Every once in a while I look back on my hopes and dreams of the past and get an epiphany, of sorts, which makes me realize that things often do work themselves out, regardless of the road you take.
You see, I always thought I wanted to be a teacher. I have always loved being around and working with young children. And yet, for some reason or another I didn’t go into teaching and opted to study Early Childhood Education, and Child & Youth Care instead.
I worked in a few different preschools, always managing to become the head preschool teacher, but I was never truly happy. During those glum years I often thought owning my own preschool was the answer to my happiness. However that particular dream didn’t happen either, for during the same time frame I also had my sights on having my own children. The process of which took a lot longer than anticipated, with quite a few heartaches and road blocks along the way. Eventually, however, my wish for children was granted. And almost seven years later I am still “momming”.
It was never ‘my dream’ to be a stay-at-home-mom, it just kind of happened. Sure it was a discussion my husband and I had (his own Mom was a SAHM), but we always said we would just take it year by year while reviewing our financial situation…and my state of mind, along the way.
The decision to homeschool our children has also put a whole new twist on staying at home. It comes with a lot more responsibility… and a whole lot more work. However, to me the benefits of continuing homeschool far outweigh the negatives, and the further we get into it the longer I wish for my children to stay the course (so to speak).

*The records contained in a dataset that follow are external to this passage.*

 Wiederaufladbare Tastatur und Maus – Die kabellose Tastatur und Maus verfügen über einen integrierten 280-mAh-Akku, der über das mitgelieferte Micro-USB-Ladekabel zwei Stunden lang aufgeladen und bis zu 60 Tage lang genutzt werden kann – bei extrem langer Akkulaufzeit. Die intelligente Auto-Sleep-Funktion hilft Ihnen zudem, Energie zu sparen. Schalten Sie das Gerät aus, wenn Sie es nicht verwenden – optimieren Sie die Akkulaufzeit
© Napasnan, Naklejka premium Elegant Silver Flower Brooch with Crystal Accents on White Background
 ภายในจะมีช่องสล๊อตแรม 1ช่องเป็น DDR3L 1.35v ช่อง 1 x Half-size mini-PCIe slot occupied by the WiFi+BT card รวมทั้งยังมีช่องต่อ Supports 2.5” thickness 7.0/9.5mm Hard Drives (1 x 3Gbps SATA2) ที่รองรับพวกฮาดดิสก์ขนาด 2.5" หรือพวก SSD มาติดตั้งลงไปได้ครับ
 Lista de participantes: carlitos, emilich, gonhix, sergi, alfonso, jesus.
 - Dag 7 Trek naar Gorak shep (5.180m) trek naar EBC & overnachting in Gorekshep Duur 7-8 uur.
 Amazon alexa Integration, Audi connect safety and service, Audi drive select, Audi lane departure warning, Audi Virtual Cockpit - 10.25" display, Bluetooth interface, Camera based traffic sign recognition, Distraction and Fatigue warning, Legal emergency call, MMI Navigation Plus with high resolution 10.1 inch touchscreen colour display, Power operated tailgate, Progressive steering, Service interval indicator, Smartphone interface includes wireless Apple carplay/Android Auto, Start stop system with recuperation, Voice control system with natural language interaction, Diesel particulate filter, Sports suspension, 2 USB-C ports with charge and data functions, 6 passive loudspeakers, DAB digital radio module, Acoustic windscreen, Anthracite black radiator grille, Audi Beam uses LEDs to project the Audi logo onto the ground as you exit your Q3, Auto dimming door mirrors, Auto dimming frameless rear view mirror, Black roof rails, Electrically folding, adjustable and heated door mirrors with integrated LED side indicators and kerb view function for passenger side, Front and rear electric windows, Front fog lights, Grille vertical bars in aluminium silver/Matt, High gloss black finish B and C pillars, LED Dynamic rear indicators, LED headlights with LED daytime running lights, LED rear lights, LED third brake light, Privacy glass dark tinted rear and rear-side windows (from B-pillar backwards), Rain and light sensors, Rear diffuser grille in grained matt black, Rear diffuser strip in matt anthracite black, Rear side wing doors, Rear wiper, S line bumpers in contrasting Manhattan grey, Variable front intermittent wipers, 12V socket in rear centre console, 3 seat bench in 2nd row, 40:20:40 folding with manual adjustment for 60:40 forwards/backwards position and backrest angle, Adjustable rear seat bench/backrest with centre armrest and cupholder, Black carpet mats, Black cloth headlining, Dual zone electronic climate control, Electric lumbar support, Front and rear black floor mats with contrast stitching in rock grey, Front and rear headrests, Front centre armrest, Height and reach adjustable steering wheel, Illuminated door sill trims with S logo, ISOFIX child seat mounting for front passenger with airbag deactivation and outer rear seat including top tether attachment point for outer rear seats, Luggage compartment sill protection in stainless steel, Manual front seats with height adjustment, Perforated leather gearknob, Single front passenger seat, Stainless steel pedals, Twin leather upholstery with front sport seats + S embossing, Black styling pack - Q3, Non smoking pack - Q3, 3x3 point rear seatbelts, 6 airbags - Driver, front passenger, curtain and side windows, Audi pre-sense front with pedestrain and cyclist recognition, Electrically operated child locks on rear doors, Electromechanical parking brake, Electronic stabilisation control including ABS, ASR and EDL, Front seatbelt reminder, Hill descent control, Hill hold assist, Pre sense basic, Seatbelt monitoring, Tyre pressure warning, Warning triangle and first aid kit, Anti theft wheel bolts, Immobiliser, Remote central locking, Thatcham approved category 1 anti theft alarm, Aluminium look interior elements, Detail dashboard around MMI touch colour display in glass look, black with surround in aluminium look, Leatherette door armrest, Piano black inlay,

So I guess the question is, am I truly happy now? I can’t say my ‘job’ over the last seven years has been easy. There have definitely been days where I wish I could just walk away and quit. There have been days full of tears, days where I want to run and hide, and days where I am literally pulling my hair out. So while I can’t say I have loved and enjoyed every single second of being at home with my children 24/7, I can say that I am truly grateful I am still able to be right where I am. So yes, I truly am happy!

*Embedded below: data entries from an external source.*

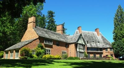 The M. Lloyd Frank Estate features Pennsylvania slate roofing, metal gates by Oscar Bach, and sits on 8.5 acres at Lewis & Clark College campus.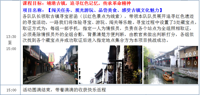 項(xiàng)目大綱:走紅軍路、吃紅軍餐,紅色情景體驗(yàn):擴(kuò)紅(當(dāng)兵就要當(dāng)紅軍)、生死時(shí)速、荊棘排雷、翻越大雪山、尋找黨支隊(duì)、飛奪瀘定橋等。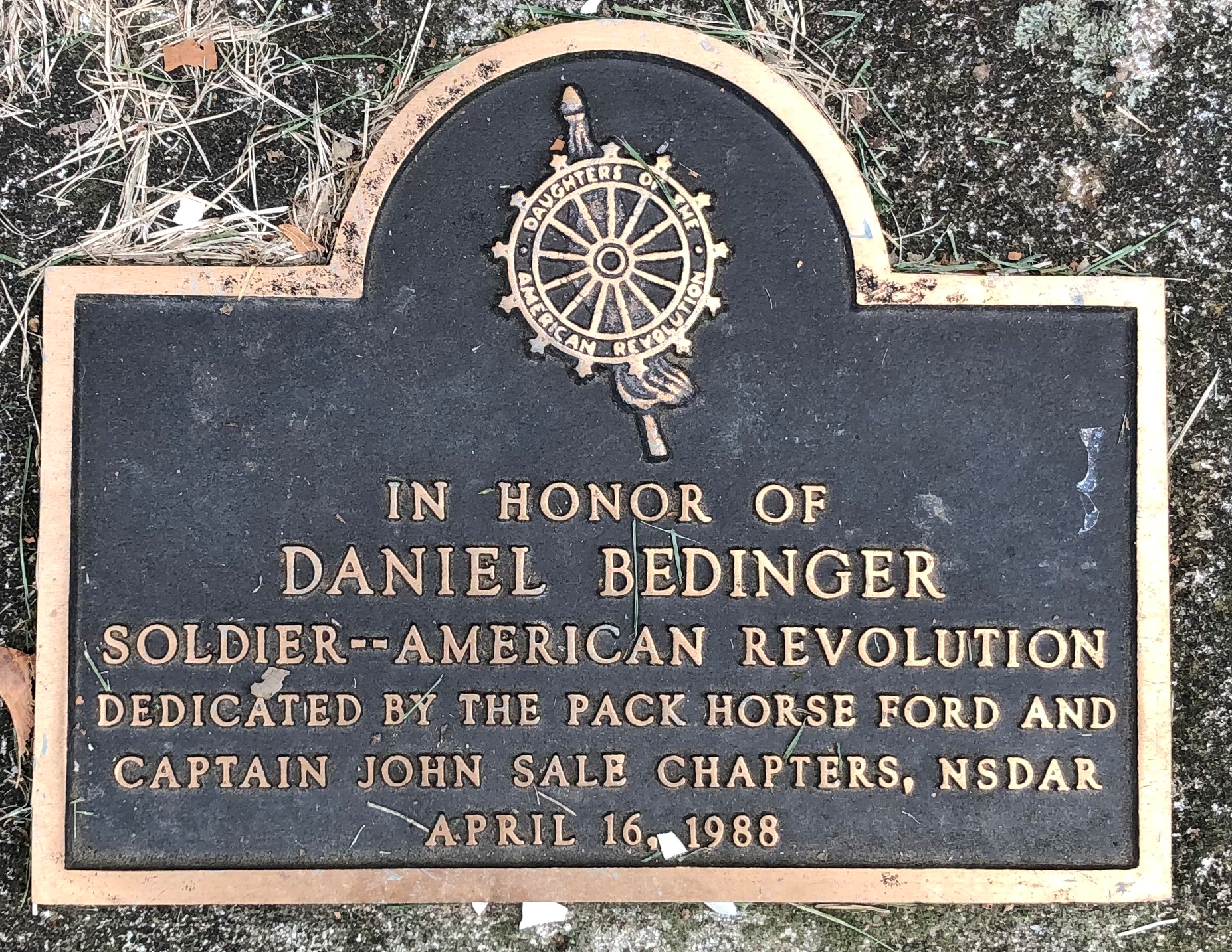 DANIEL BEDINGER SOLDIER AMERICAN REVOLUTION MEMORIAL PLAQUE

And what makes me even happier is finally realizing that in a roundabout way I am doing exactly what it is I always thought I wanted to do. No I don’t have a degree in teaching, nor am I getting paid…but, I honestly feel I get the best of both worlds. I get to be my child’s teacher, but I don’t have to deal with the politics of the school system; I don’t have anyone telling me when I can or can’t take holidays; I can work in my pajamas if I feel like it; I don’t have a boss…well, my 6 and 3 year-old can sometimes make it feel like I do; ;) and, the best part is I still get to stay at home with my children!
At the moment I honestly can’t think of a better job suited for me!